Mars plans to roll out M&M's made entirely without petroleum-based synthetic dyes in time for the brand's 85th anniversary, Fox Business reported, part of a broader reformulation that also covers Skittles, Starburst and Extra gum. Red, yellow, green and orange are in. Blue and brown are not — for now. "You're messing with an 85-year-old icon," said Anton Vincent, president of Mars Wrigley North America.

The blue problem

Swapping artificial dyes for natural ones is straightforward until you reach blue — the rarest stable color in nature. Mars has been working with spirulina, a pigment from blue-green algae, but at the concentrations needed for vivid candy shells it grows thick enough to clog factory spray nozzles and leave film inside equipment, and it is far costlier than common natural dyes — food-grade spirulina concentrate can top $100 a pound, versus roughly $10 for turmeric. Brown poses a related challenge: matching the chocolate-shell shade from natural sources without affecting flavor or stability. Mars says it has put more than 100 staff on the problem and expects all six colors back, in natural form, by 2028.

Washington's push

Mars isn't acting alone. The reformulation comes amid a federal drive to purge petroleum-derived colorants from the food supply: the FDA and HHS announced a plan to phase out nine synthetic dyes — including Red 40, Yellow 5 and 6, and Blue 1 and 2 — by the end of 2026, part of the "Make America Healthy Again" agenda championed by HHS Secretary Robert F. Kennedy Jr.; Red 3 was revoked in early 2025. Regulators cite long-running consumer and scientific concern about the dyes' effects, especially on children, a question advocates and industry have debated for years.

An industry-wide shift

Mars is one of the more visible names committing publicly, but not the only one.
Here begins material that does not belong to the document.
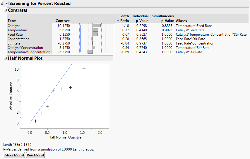 The report shows both Individual and Simultaneous p-values based on Lenth t-ratios. None of the effects are significant, even with respect to the Individual p-values. The Half Normal Plot suggests that the effects reflect only random noise.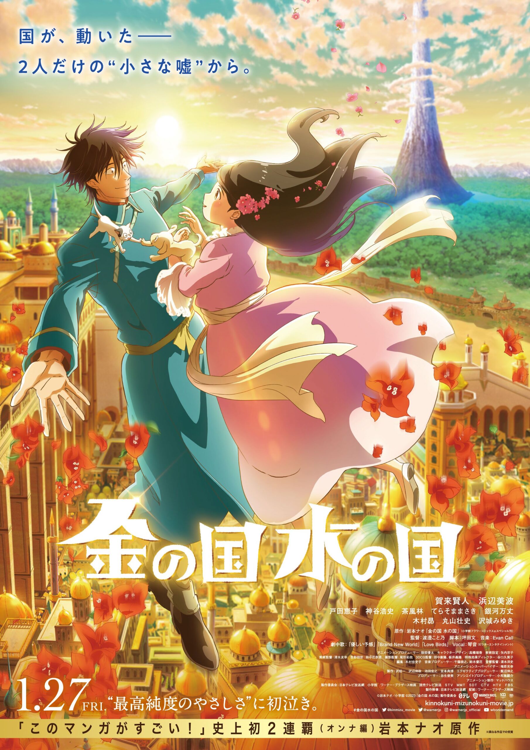 Visuell ist das Ganze ordentlich geworden. Das Traditionsstudio Madhouse (Goodbye, Don Glees! – Wege einer Freundschaft, Okko und ihre Geisterfreunde) hat stimmungsvolle Hintergründe geschaffen, die auch die Kontraste zwischen den beiden Reichen betonen. Wie schon der Titel Gold Kingdom And Water Kingdom verrät, ist eines der beiden Länder reich an Gold, das andere reich an Wasser. Da trifft ein karger Prunkpalast auf grüne Gärten. Technisch ist das sauber, wenngleich bei einem Kinofilm mehr drin gewesen wäre. Die Designs der Figuren sind ohnehin nur Durchschnitt und entsprechen 08/15-Anime-Designs. Wen das nicht stört, findet hier ein ansprechendes Werk, auch wenn der Film kaum dazu geeignet ist, dass man sich längerfristig an diesen erinnert.

General Mills and Kraft Heinz have pledged to strip artificial dyes from U.S. products by the end of 2027, and PepsiCo has begun phasing them out of some snacks. The FDA has been tracking company pledges publicly, ratcheting up pressure on holdouts.

What shoppers will see

The August launch will be the first real-world test of whether natural dyes can match the vivid colors and familiar taste that made M&M's a best-seller — and natural pigments are generally less stable and pricier as the whole industry competes for the same beets, turmeric and algae. Blue M&M's, the color a fan vote added to the lineup in 1995, will be missing until at least 2028. Mars insists the color isn't retired — only delayed.